What needs to be done: Leave every picture out, and retype all the remaining records exactly.
=== Records for this exercise ===
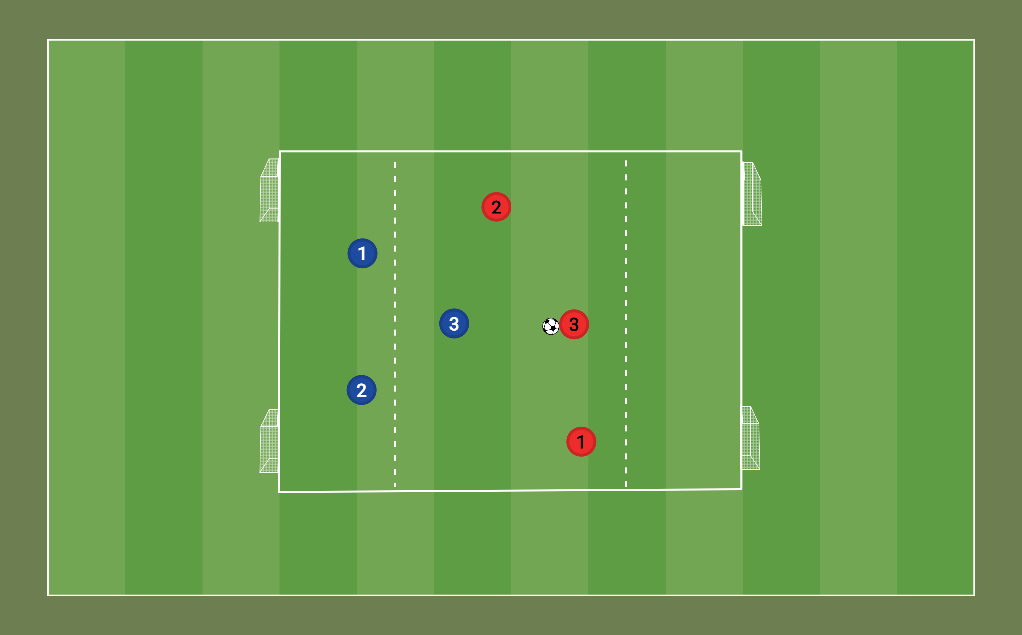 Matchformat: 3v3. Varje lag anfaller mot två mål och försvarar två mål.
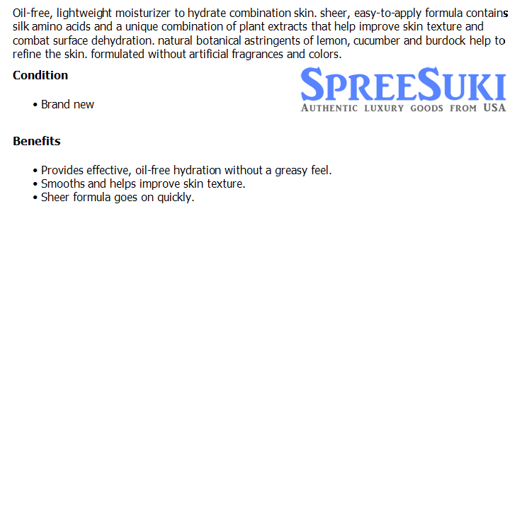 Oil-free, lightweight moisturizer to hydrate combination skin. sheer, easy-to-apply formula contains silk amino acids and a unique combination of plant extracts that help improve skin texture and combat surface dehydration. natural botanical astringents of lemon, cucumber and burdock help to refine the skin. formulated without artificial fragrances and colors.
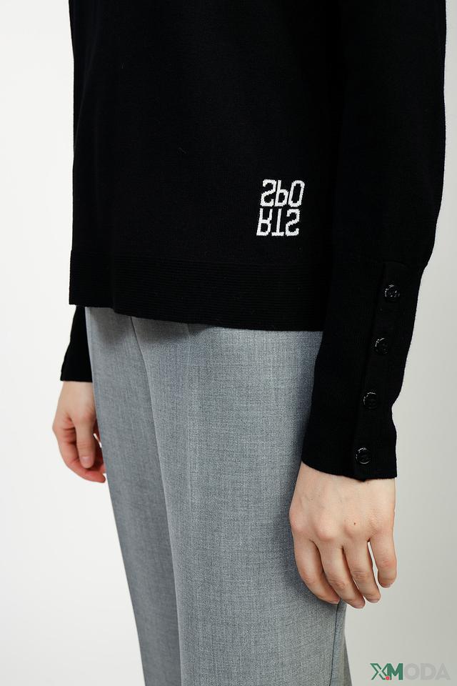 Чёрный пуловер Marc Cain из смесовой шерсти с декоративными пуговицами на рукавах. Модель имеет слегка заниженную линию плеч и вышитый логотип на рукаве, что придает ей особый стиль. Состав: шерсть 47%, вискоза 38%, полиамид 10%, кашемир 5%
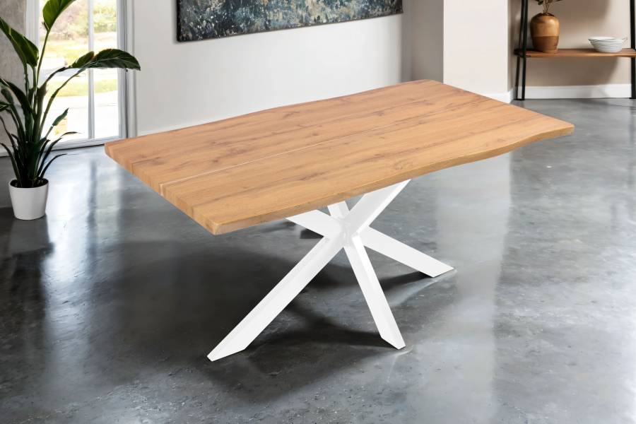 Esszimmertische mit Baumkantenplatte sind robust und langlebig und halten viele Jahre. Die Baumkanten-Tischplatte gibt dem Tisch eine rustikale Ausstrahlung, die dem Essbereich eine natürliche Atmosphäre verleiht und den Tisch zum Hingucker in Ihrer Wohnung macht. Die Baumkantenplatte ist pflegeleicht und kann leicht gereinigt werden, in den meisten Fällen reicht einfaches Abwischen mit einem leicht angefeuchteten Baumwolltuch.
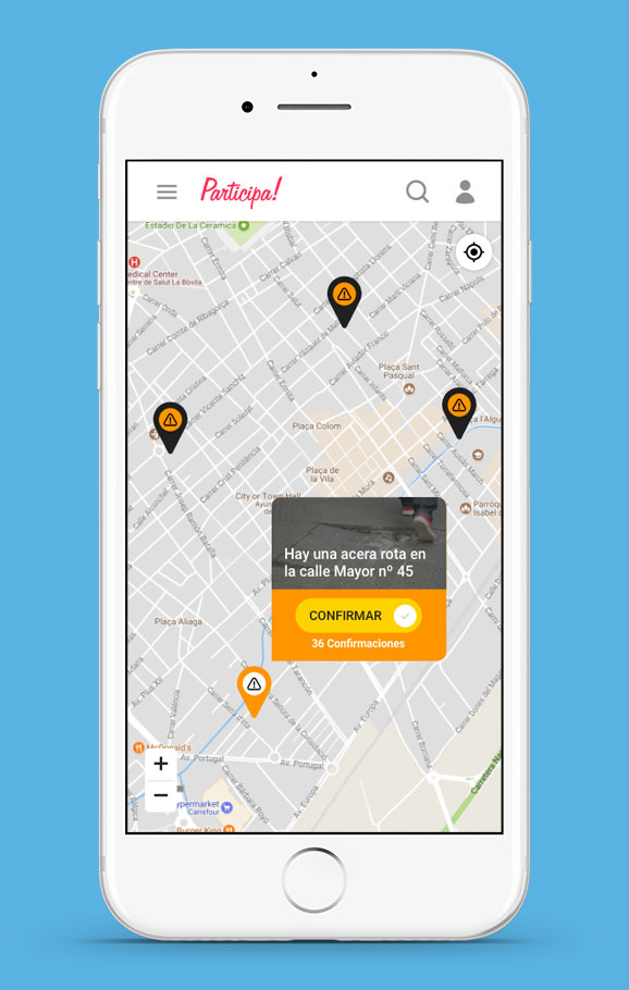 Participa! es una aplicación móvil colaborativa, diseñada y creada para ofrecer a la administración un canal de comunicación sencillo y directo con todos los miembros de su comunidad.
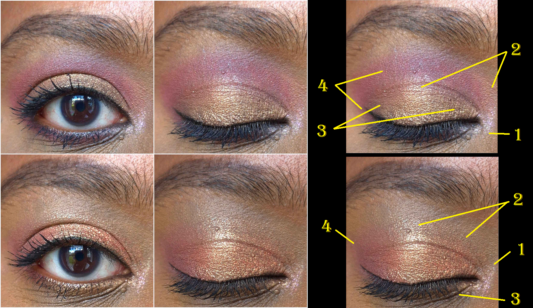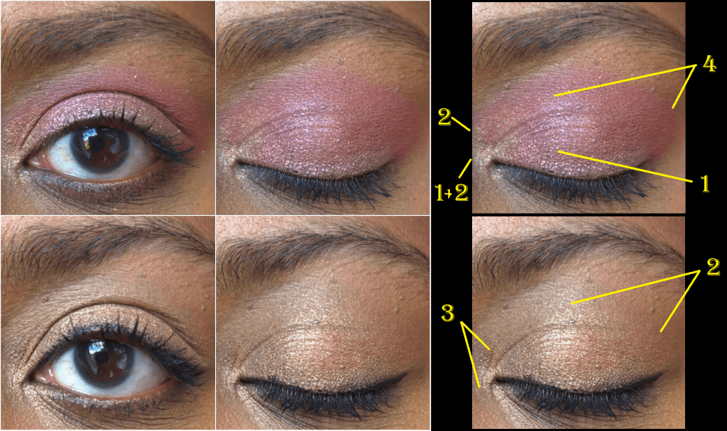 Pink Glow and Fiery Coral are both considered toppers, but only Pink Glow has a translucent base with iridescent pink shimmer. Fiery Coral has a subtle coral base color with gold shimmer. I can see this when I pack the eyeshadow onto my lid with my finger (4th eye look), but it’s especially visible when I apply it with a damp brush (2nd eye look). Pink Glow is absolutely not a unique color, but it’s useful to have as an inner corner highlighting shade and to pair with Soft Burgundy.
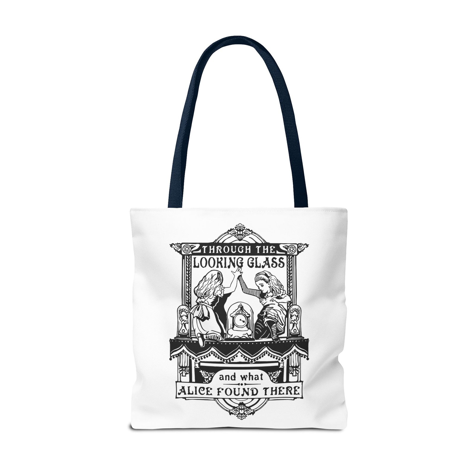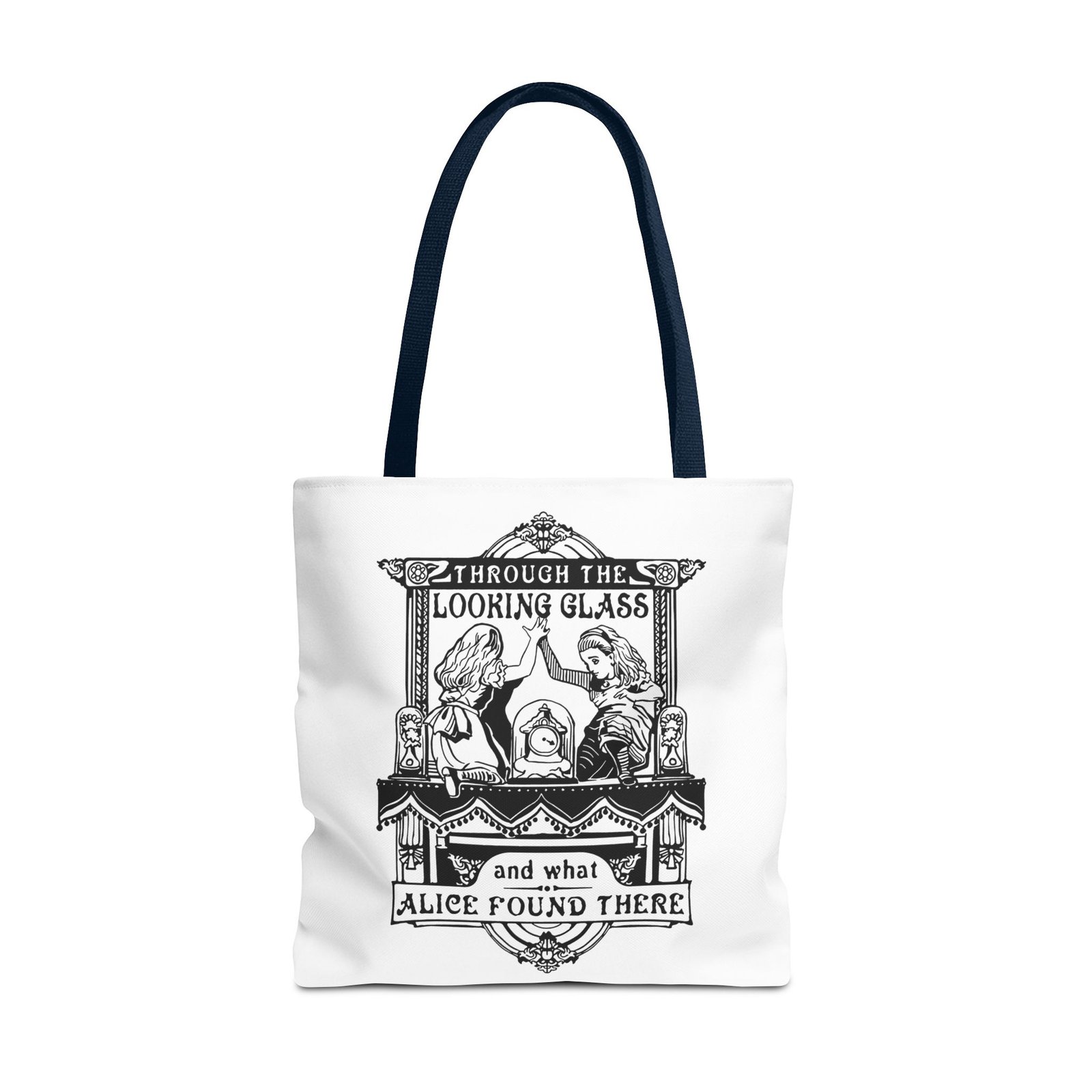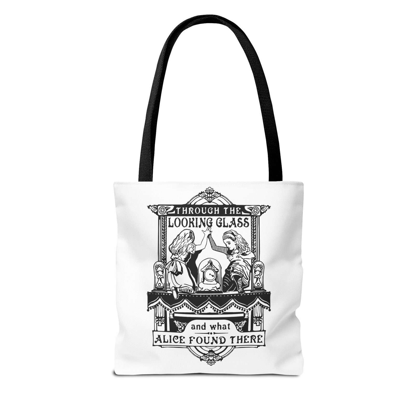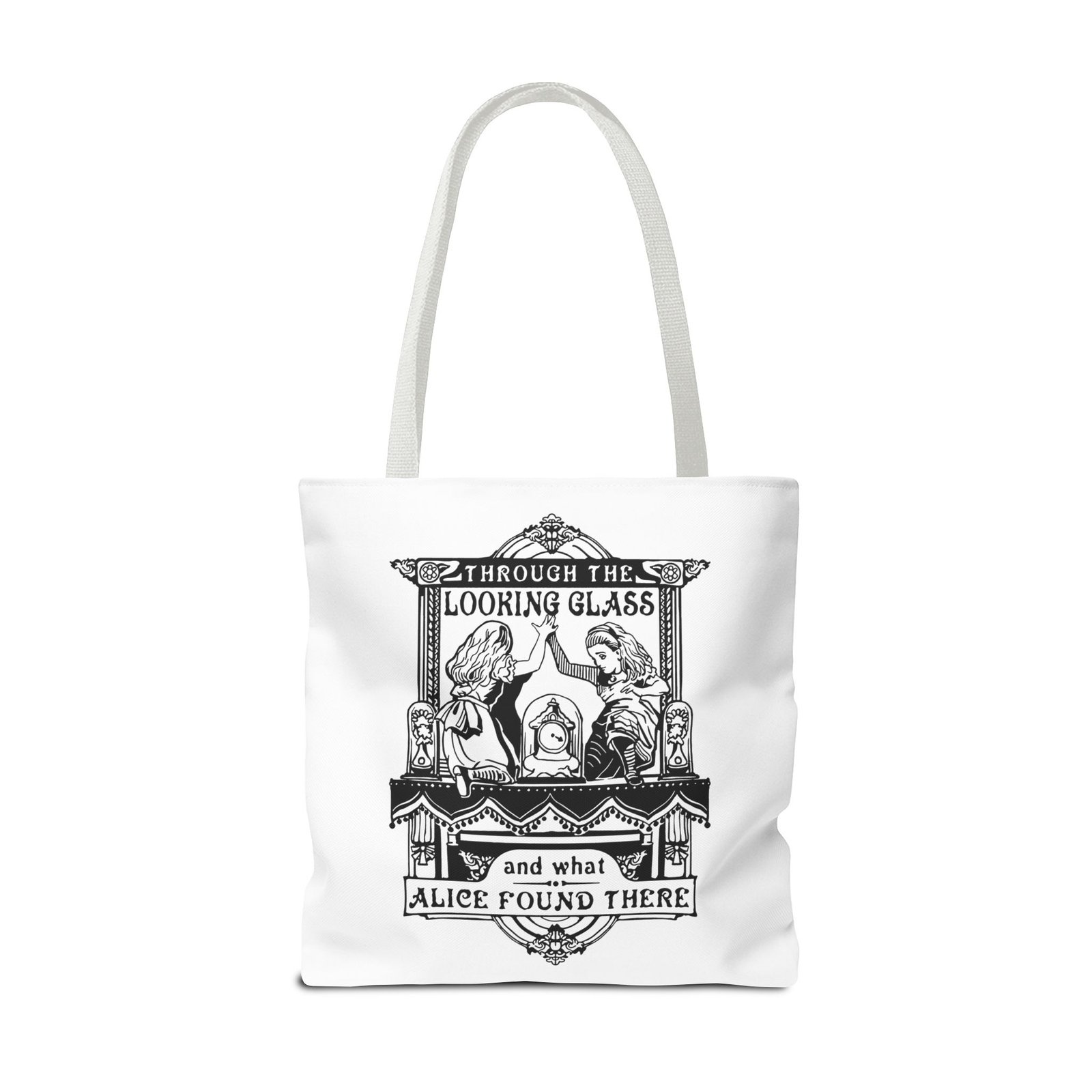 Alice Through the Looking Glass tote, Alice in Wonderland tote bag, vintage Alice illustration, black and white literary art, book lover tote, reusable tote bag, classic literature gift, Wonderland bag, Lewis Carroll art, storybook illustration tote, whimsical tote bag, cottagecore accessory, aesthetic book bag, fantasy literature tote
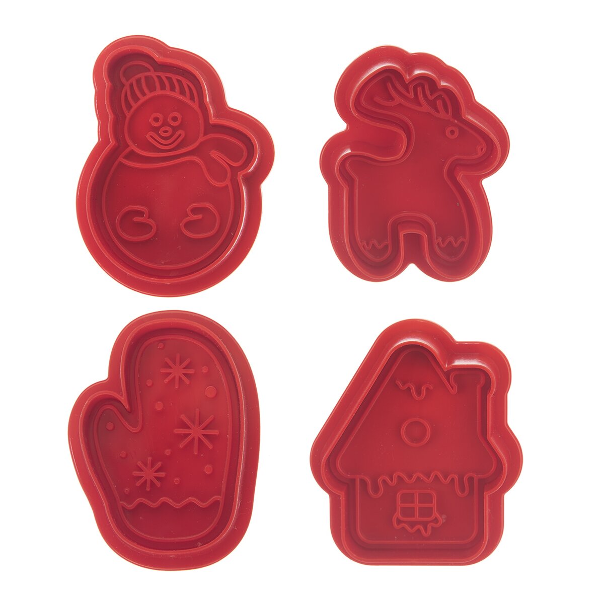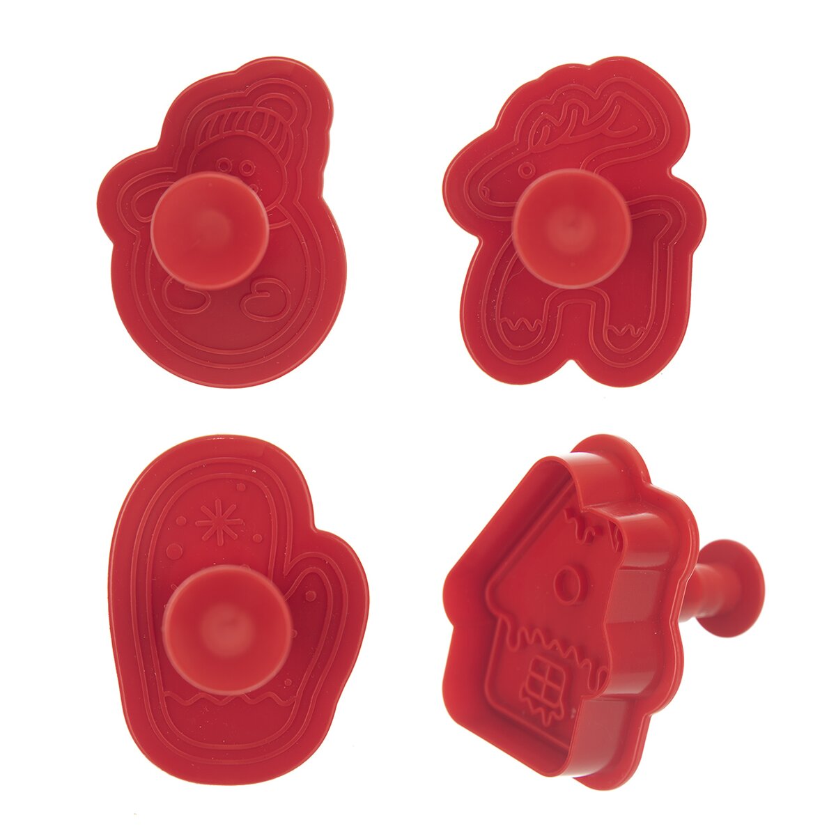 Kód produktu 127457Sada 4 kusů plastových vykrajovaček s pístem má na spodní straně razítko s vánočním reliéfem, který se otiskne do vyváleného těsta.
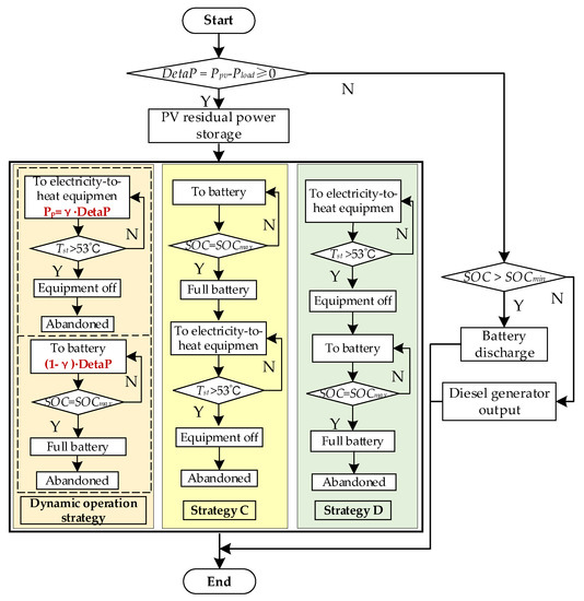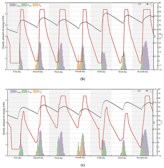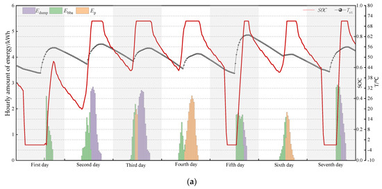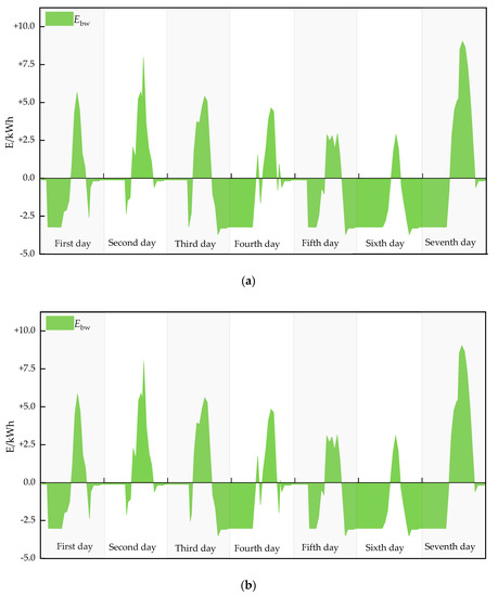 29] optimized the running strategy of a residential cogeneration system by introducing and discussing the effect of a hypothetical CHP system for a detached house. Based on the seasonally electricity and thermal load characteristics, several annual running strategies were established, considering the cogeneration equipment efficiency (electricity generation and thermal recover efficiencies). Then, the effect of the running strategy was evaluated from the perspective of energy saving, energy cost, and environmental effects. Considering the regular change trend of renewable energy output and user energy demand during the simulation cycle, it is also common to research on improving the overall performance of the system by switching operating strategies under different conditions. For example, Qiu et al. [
===
Worked solution:
 Matchformat: 3v3. Varje lag anfaller mot två mål och försvarar två mål.
 Oil-free, lightweight moisturizer to hydrate combination skin. sheer, easy-to-apply formula contains silk amino acids and a unique combination of plant extracts that help improve skin texture and combat surface dehydration. natural botanical astringents of lemon, cucumber and burdock help to refine the skin. formulated without artificial fragrances and colors.
 Чёрный пуловер Marc Cain из смесовой шерсти с декоративными пуговицами на рукавах. Модель имеет слегка заниженную линию плеч и вышитый логотип на рукаве, что придает ей особый стиль. Состав: шерсть 47%, вискоза 38%, полиамид 10%, кашемир 5%
 Esszimmertische mit Baumkantenplatte sind robust und langlebig und halten viele Jahre. Die Baumkanten-Tischplatte gibt dem Tisch eine rustikale Ausstrahlung, die dem Essbereich eine natürliche Atmosphäre verleiht und den Tisch zum Hingucker in Ihrer Wohnung macht. Die Baumkantenplatte ist pflegeleicht und kann leicht gereinigt werden, in den meisten Fällen reicht einfaches Abwischen mit einem leicht angefeuchteten Baumwolltuch.
 Participa! es una aplicación móvil colaborativa, diseñada y creada para ofrecer a la administración un canal de comunicación sencillo y directo con todos los miembros de su comunidad.
 Pink Glow and Fiery Coral are both considered toppers, but only Pink Glow has a translucent base with iridescent pink shimmer. Fiery Coral has a subtle coral base color with gold shimmer. I can see this when I pack the eyeshadow onto my lid with my finger (4th eye look), but it’s especially visible when I apply it with a damp brush (2nd eye look). Pink Glow is absolutely not a unique color, but it’s useful to have as an inner corner highlighting shade and to pair with Soft Burgundy.
 Alice Through the Looking Glass tote, Alice in Wonderland tote bag, vintage Alice illustration, black and white literary art, book lover tote, reusable tote bag, classic literature gift, Wonderland bag, Lewis Carroll art, storybook illustration tote, whimsical tote bag, cottagecore accessory, aesthetic book bag, fantasy literature tote
 Kód produktu 127457Sada 4 kusů plastových vykrajovaček s pístem má na spodní straně razítko s vánočním reliéfem, který se otiskne do vyváleného těsta.
 29] optimized the running strategy of a residential cogeneration system by introducing and discussing the effect of a hypothetical CHP system for a detached house. Based on the seasonally electricity and thermal load characteristics, several annual running strategies were established, considering the cogeneration equipment efficiency (electricity generation and thermal recover efficiencies). Then, the effect of the running strategy was evaluated from the perspective of energy saving, energy cost, and environmental effects. Considering the regular change trend of renewable energy output and user energy demand during the simulation cycle, it is also common to research on improving the overall performance of the system by switching operating strategies under different conditions. For example, Qiu et al. [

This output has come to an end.